I can remember train compartments, I didn't get into 1st class that often though great pics, Thanks


----------



## mockingbird (Jan 29, 2017)

Love this mate, especially the carriage shots,need to explore a train soon!


----------



## Chevyman (Jan 29, 2017)

Love the compartment shot i remember trains like this from my childhood, nice work.


----------



## The_Derp_Lane (Jan 29, 2017)

Superb photos. I'm glad you also got something good as well.


----------



## Sam Haltin (Jan 30, 2017)

Nice detailed photographs. In my early days as a Guard on British Rail I, and passengers preferred those 1st class carriages. Bigger seats, adjustable seats, air-con controls on the right on your photo of the compartment. I think that this is a redundant engineers train and the carriages were used for staff accommodation.


----------



## Dirus_Strictus (Jan 30, 2017)

Hugh Jorgan said:


> I think that this is a redundant engineers train and the carriages were used for staff accommodation.

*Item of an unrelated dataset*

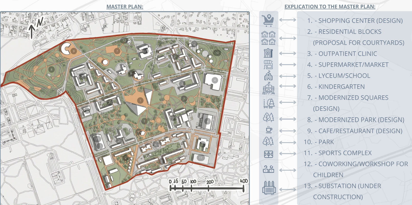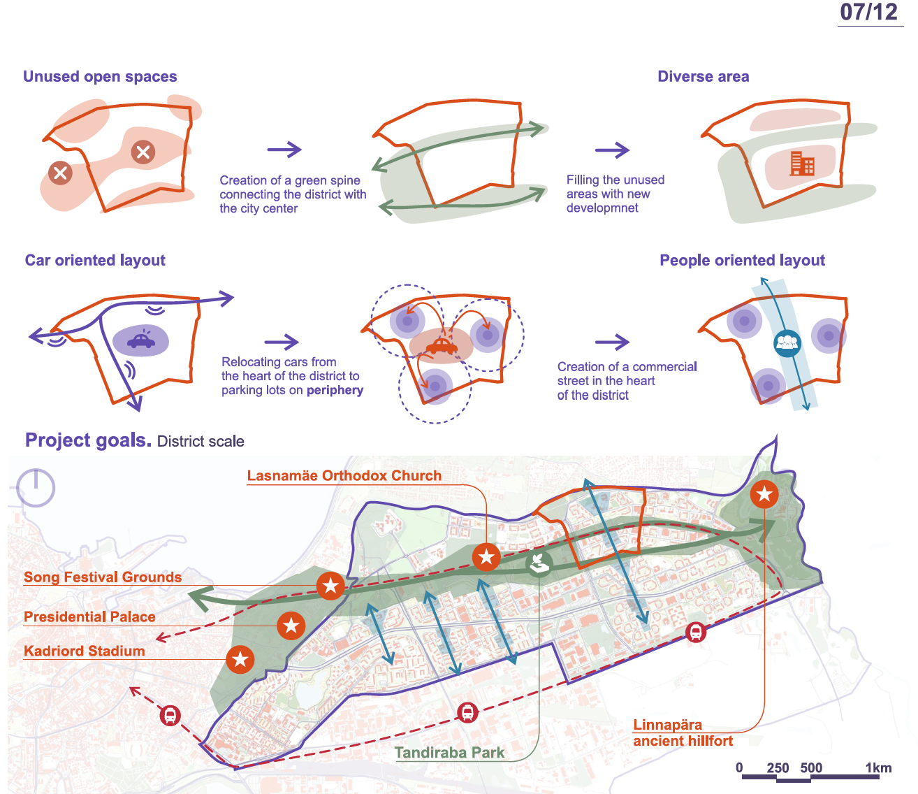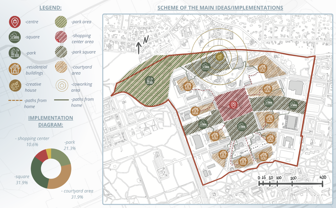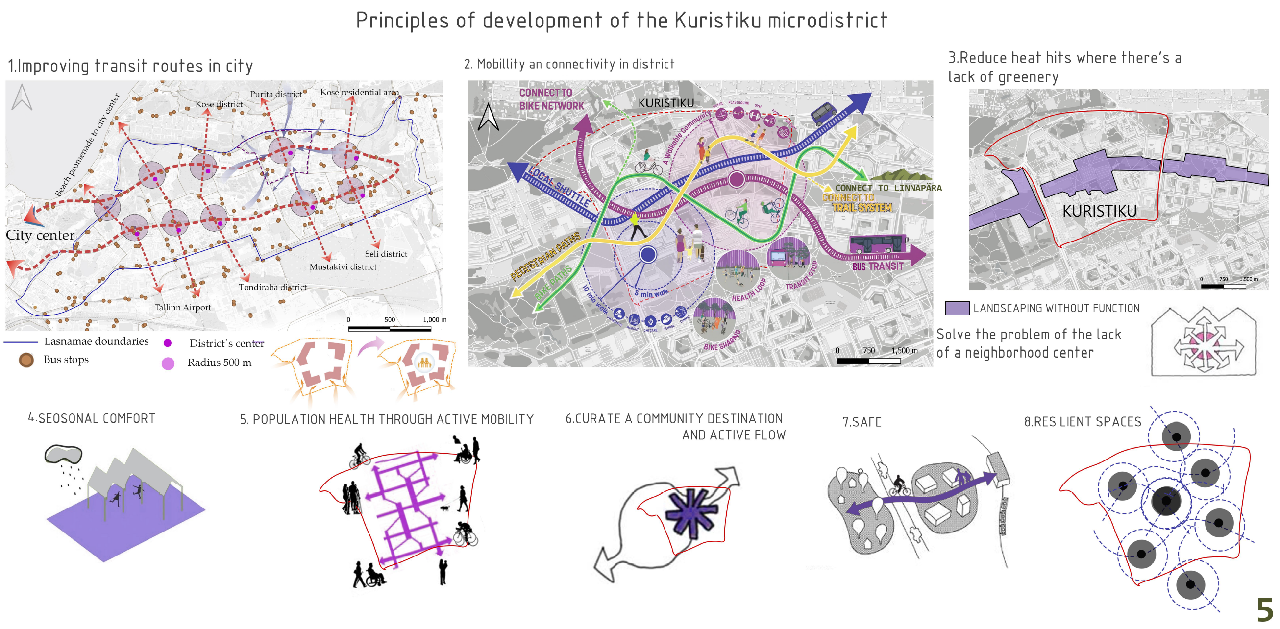 The concept restructures the Kuristiku microdistrict by transforming its car-dominated center into a vibrant cultural and public hub. Originally designed as a residential Soviet-era neighborhood with educational infrastructure and green spaces, Kuristiku’s central areas are now dominated by surface parking, fragmenting the district and limiting social interaction. The strategy relocates parking and technical functions to the periphery and introduces a central green corridor enriched with cultural, commercial, and public spaces. This corridor connects residential clusters, schools, and nearby parks via pedestrian and bicycle networks, supporting the 15-minute city principle. New development respects the existing five-to-nine-story building heights, while low-rise cultural facilities activate the center. By integrating green corridors, public spaces, and improved mobility, the concept strengthens neighborhood identity, encourages social interaction, and reconnects Kuristiku with surrounding microdistricts, creating a family-friendly, pedestrian-oriented, and socially cohesive urban environment.

The yellow engineering vehicles are I think the first commercially built prototype track aligning/ballasting unit. A bit of a pain sometimes and took us ages to get it to work to spec. The passenger coaches photographed were not with the unit when we worked on it, the consist then was machine, Derby Research Laboratory Coach and CME coach or equipment bogie van. The passenger coaches in the sidings are, I think, just a random collection of scrap.


----------



## darbians (Jan 30, 2017)

Great set of a great place. The engineering vehicles are called stoneblowers.


----------



## DirtyJigsaw (Jan 30, 2017)

Great set there mate. I need this


----------



## Electric (Jan 30, 2017)

Nice photos. Putting dereliction and railways together looks great.


----------



## Mikeymutt (Jan 30, 2017)

Thank you all.they were a pleasant surprise..glad you enjoyed it darbians..and dj yiu would love it..mockingbird a few of these about


----------



## HughieD (Jan 30, 2017)

Loving that bit of rail because Mikey. And did I spy a Class 31 locomotive too?


----------



## cornish_snowdog (Jan 30, 2017)

Loved the set, and found the photo of the buffers particularly pleasing for some reason...


----------